Use of Special Formatting

Are you using bold and italic styling in your posts? It’s easy to get carried away and over-format your posts, or conversely, to forget to use bold and italic at all.

Trying to make too many things stand out will make your posts look unprofessional, and won’t help readers to zero in on the good stuff.

Bolding a key message in your post will make it stand out. Bolding too much of your post will have the opposite effect.

Using special formatting for quotes can look awesome, but once again, don’t overdo it.

Avoid underlined text at all costs, as it looks like a link. Only use underlined text on the web if you’re actually displaying a link.

Link Scattering

Sometimes it’s helpful to include a link or two if you’re covering an intermediate or advanced topic and you don’t want to spend time explaining the simple stuff. Or if you’re using an external source to back up your argument.

But if you go crazy and scatter lots of links throughout your posts, it looks like you’re saying this:

By all means link to stuff when it’s helpful. Just bear in mind that if you throw a few links in the middle of a paragraph, it really disrupts the flow and may send readers elsewhere.

Instead of link scattering, try listing your links at the end of the post. In this post, I’ve done exactly that.

Test, Test, Test

How do you usually read your blog? In Firefox, on your Windows desktop PC? In Safari, on your Macbook Pro? In Chrome, on the latest version of Ubuntu?

That’s already three different ways to read your blog – many more if you mix and match the various browsers and operating systems, throw in other browsers, screen size and resolution, browser versions, operating system versions and so on.

Here are some of the more eye-opening ways to try reading your blog – observe how your blog displays under the following circumstances:

  1. On a smartphone. Got an iPhone or an Android phone? Visit your blog and try to read a post.
  2. On a tablet. Whether it’s the Google Nexus 7, Samsung Galaxy Tab 8.9, Kindle Fire HD, or the iPad, your reading experience may be quite different to that of a big screen PC or Mac.
  3. In Google Reader.
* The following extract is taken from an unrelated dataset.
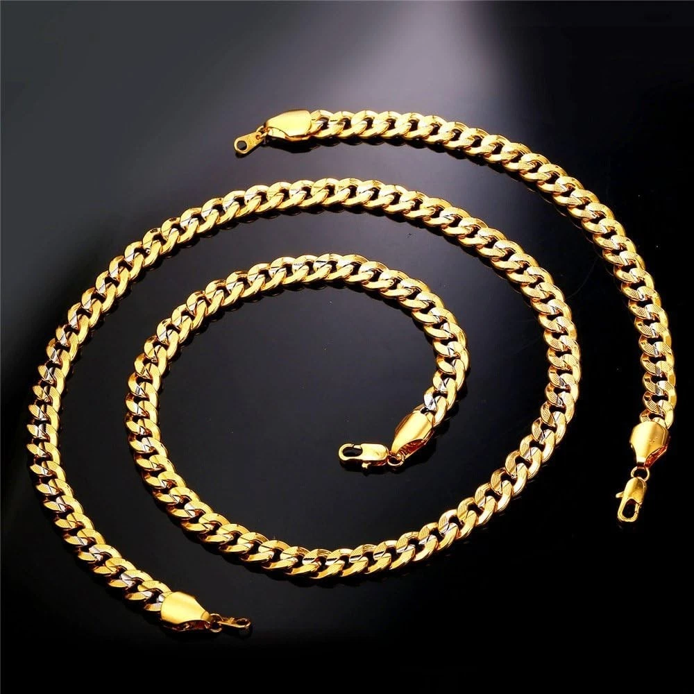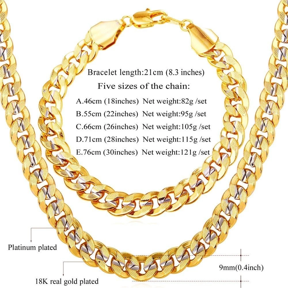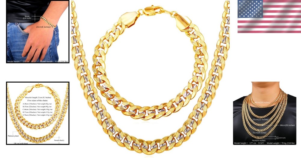 Exclusive 9mm Gold-Plated Miami Cuban Chain - Cool Hip Hop Fashion Necklace ‹ › ‹ › ‹ › ‹ › ‹ › ‹ › ‹ › ‹ › ‹ › ‹ › ‹ › Exclusive 9mm Gold-Plated Miami Cuban Chain Elevate your style with this stunning Cool Hip Hop Fashion Necklace, designed to make a bold statement. Key Features: Miami Cuban Chain: Experience the chunky curb chain style – the most sought-after fashion accessory, beloved by hip-hop enthusiasts for its chic versatility and effortless pairing with everyday outfits. High-Quality Materials: Crafted from surgical brass copper, this chain is vacuum-plated with 18K gold and platinum, creating a unique two-tone metal appearance that glimmers brilliantly, even after extended wear. Enjoy peace of mind with its low maintenance care; safe for showering, swimming, or during workouts. Sturdy Design: The robust link structure is complemented by an easy-to-clasp lobster claw closure, ensuring durability and strength for daily wear. Versatile Sizing: Choose your perfect fit! Available in necklace lengths of 18/20/22/24/26/28/30 inches and paired with a stylish bracelet measuring 8.3 inches (21 cm). The fashionable Cuban width is 9mm (0.3 inches). Perfect Gift: This elegant unisex golden chain set is the ideal statement piece for anyone looking to elevate their accessory game. Nickel-free and lead-free, the hypoallergenic finish guarantees a comfortable wear, even for sensitive skin. Charming Packaging: Each jewelry set includes a necklace and a bracelet, beautifully presented in a branded jewelry box, making it a perfect gift for Anniversaries, Birthdays, Christmas, Valentine’s Day, Father's Day, Mother’s Day, or just because. Why Choose the Exclusive Miami Cuban Chain? Indulge in a piece of jewelry that transcends time and trends. The Exclusive 9mm Gold-Plated Miami Cuban Chain isn’t just an accessory; it’s a declaration of style, personality, and flair. Stand out from the crowd and adorn yourself in confidence with this trendsetter’s must-have. Make a lasting impression – whether it’s a festive occasion or a casual outing, this chain has you covered. Embrace the essence of hip-hop culture while enjoying quality and unmatched elegance. Order your Exceptional Miami Cuban Chain today and redefine your fashion statement! Shipping Free & Fast Shipping - We offer free shipping to most of the USA with a normal delivery time of 3-7 days. However, due to the current situation, additional delivery time (up to 3 weeks) may be required for some items. Alternative Carriers - We may use alternative carriers (e.g. USPS, FedEx, UPS, etc.) to ensure your package arrives safely and on time. Due to the use of multiple carriers, we are unable to provide a tracking number automatically. Handling Time - Orders are processed and shipped within 1-2 business days of receiving cleared payment. Shipping Restrictions - Shipping to Alaska, Hawaii, Puerto Rico, Guam, and other US territories may incur shipping charges or delivery restrictions. Please contact us before ordering, or your order can be refunded/cancelled. State Restrictions - There may be restrictions based on your state of purchase. For example, certain items may not be shipped to California due to state regulations. Contact for Tracking Updates - If you require tracking updates or have any concerns about the delivery of your order, please feel free to contact us, and we will be happy to assist you. Return 30-Day Hassle-Free Returns - We want you to be completely satisfied with your purchase. If you are not, you can return the item within 30 days of receiving it for a full refund or exchange. Easy Return Process - To start a return, simply contact us and we will provide you with a prepaid return shipping label and detailed instructions. Restocking Fee - There are no restocking fees for returns. However, the buyer is responsible for return shipping costs if the return is not due to a seller's error. Refund Processing Time - Refunds will be processed within 5 business days of receiving the returned item in its condition. Payment We accept all major credit cards, PayPal, and Apple Pay for your convenience. Your payment information is secure and encrypted to ensure a safe and seamless transaction. Please complete your payment within 3 days of purchase to avoid any delays in shipping. Feedback Your feedback is extremely important to us. We strive to provide the best products and customer service possible. If you are satisfied with your purchase, please take a moment to leave us a positive review. If you have any concerns or issues with your order, please contact us before leaving negative feedback. We are committed to resolving any problems and ensuring your satisfaction. Contact Us If you have any questions or concerns, please feel free to out to our customer support team. You can contact us through the eBay messaging system. We are available Monday to Friday, 9:00 am to 5:00 pm EST, and we will do our best to respond to your inquiry within 24 hours. Buy it now and enjoy a pleasant shopping experience! Style: Chain Type: Necklace Chain Type: Cuban Link

Your blog theme isn’t carried across to a feed reader, so you’re left with a bare bones post. This is a good way to see if you’re formatting your headings, paragraphs and lists correctly.
  4. With CSS turned off. This is an extreme approach but is a good way to see how your blog looks if the CSS fails to load. In Firefox, press the ALT key to make the menubar appear. Then go to View – Page Style – No style. Make sure to repeat the process and change it back to “screen” when you’re done.